Moonshot AI's Kimi K2.6 (April 20, 2026) keeps the K2.5 architecture (1T MoE, 32B active, 384 experts with 8 routed + 1 shared, MLA, 256K context, native INT4 QAT, MoonViT 400M vision encoder) and re-trains the post-training recipe to deliver 80.2% SWE-Verified, 58.6% SWE-Pro (beats GPT-5.4 by 0.9 pts, edges Opus 4.6), 66.7% Terminal-Bench 2.0, 83.2% BrowseComp, plus a unique 300-sub-agent / 4,000-step / 12-hour-autonomous Agent Swarm. Open-weights MIT-style license, $0.60/$2.50 per M tokens API, hosts on 4× A100 80GB or 8× RTX 4090 INT4 (~500 GB VRAM), with CoreWeave NVFP4-on-GB300 hitting 205 t/s at $0.7/M.

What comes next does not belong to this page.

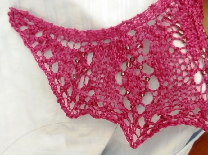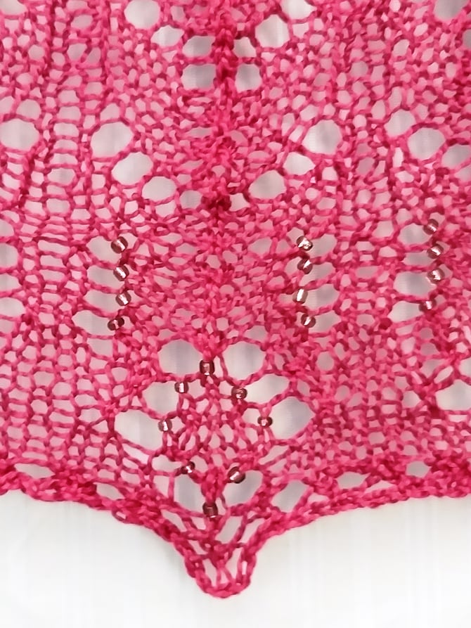 This is a one-skein crescent shawl with a difference. There are no stockinette or garter stitch sections – instead, graceful lace flows uninterruptedly outwards towards the very tips, and downwards towards the beaded diamond border.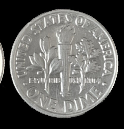 The Roosevelt Dime was introduced in 1946, shortly after the conclusion of World War II and less than one year after the death Franklin D. Roosevelt, the 32nd President of the United States. This replaced the Mercury Dime that ceased to be minted in 1945. The reverse design features a lit torch at center with an olive branch and oak branch positioned to each side. While sitting for a portrait on April 12, 1945, Franklin Delano Roosevelt suddenly complained about a severe headache, slumped forward unconscious, and passed away later that same day.

Open-weights frontier is now operationally credible: Kimi K2.6 ranks #1 among open weights on Artificial Analysis Intelligence Index v4.0 (54), DeepSeek V4-Pro is #2 (52), and both meaningfully exceed prior-generation closed frontier models. On SWE-Bench Pro, Kimi K2.6 at 58.6% briefly held the open-source crown over GPT-5.4 (57.7%), though Opus 4.7 (64.3%) and DeepSeek V4-Pro-Max (55.4%) reshuffled the order in late April.

Details

Anthropic — the regulated-enterprise incumbent

Model line-up (May 2026): Opus 4.7 (flagship, April 16, 2026), Sonnet 4.6 (Feb 17, 2026), Haiku 4.5 (Oct 15, 2025), Opus 4.6 still in API for transition, plus the restricted-access Claude Mythos Preview for cyber red-team partners under Project Glasswing.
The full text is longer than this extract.